_Problem statement_: Give back an exact copy of the entries beneath, minus the pictures.

====================

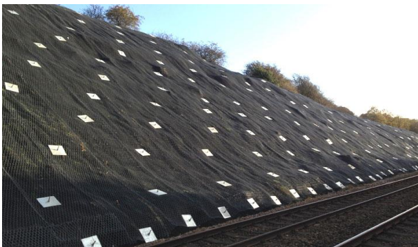
Figure 2: Wire mesh covered on a slope
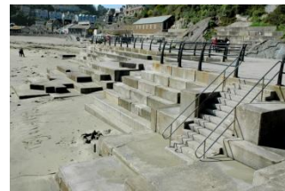
Easterly part of the seafront

Dogs are not permitted at any time on the main beach but there are no restrictions on the easterly beach.
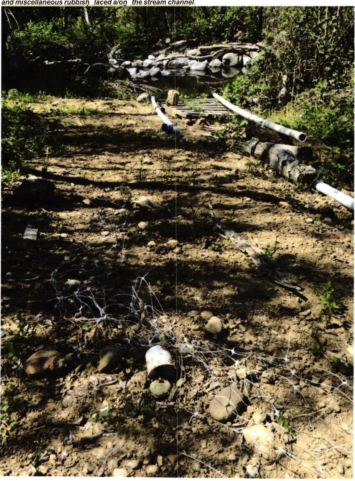
Figure 5: Access road to stream channel, eroding and discharging sediment to the stream. Diversion infrastructure and miscellaneous rubbish_laced a/on_the stream channel.
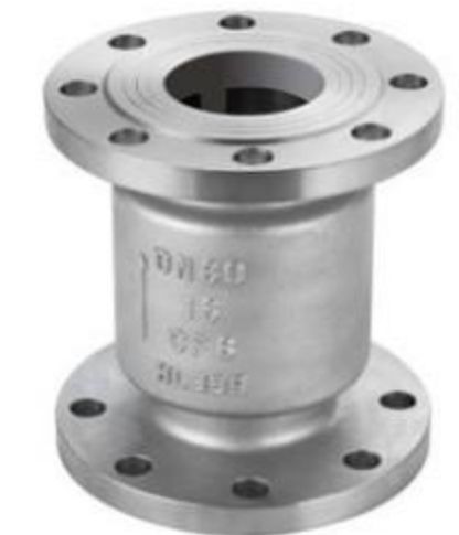
H42立式法兰止回阀 H42 Vertical Flange Check Valve

====================

_Completed task_:
Figure 2: Wire mesh covered on a slope
Easterly part of the seafront

Dogs are not permitted at any time on the main beach but there are no restrictions on the easterly beach.
Figure 5: Access road to stream channel, eroding and discharging sediment to the stream. Diversion infrastructure and miscellaneous rubbish_laced a/on_the stream channel.
H42立式法兰止回阀 H42 Vertical Flange Check Valve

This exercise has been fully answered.